• **Your assignment**: Using the listing below, copy exactly the lines from the one containing "On the other" to the one containing "Abanico de plumas", both lines included, and no others.

_ _ _

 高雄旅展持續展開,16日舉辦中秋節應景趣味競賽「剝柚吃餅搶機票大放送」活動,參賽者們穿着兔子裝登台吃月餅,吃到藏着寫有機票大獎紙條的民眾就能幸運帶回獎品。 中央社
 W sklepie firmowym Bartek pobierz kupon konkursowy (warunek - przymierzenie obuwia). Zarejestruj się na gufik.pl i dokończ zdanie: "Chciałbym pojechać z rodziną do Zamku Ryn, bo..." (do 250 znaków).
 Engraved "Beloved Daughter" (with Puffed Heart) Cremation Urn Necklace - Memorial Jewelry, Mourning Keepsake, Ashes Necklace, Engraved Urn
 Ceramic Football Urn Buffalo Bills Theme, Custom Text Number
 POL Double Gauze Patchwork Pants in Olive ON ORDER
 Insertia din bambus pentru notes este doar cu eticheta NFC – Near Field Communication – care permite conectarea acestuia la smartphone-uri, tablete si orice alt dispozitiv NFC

_ _ _

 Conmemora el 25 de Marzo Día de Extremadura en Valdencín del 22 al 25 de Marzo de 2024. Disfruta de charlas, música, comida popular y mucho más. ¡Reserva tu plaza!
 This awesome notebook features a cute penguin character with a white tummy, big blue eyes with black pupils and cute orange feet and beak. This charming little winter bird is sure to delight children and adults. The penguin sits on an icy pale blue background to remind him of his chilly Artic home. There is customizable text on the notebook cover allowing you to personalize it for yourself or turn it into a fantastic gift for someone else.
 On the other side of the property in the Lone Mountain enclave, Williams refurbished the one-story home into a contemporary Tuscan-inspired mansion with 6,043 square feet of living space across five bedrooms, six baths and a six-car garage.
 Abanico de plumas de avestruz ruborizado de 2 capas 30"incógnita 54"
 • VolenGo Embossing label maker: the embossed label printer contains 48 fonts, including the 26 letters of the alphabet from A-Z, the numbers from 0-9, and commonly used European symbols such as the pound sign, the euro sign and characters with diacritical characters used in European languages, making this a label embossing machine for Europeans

_ _ _

• **Task answer**:
 On the other side of the property in the Lone Mountain enclave, Williams refurbished the one-story home into a contemporary Tuscan-inspired mansion with 6,043 square feet of living space across five bedrooms, six baths and a six-car garage.
 Abanico de plumas de avestruz ruborizado de 2 capas 30"incógnita 54"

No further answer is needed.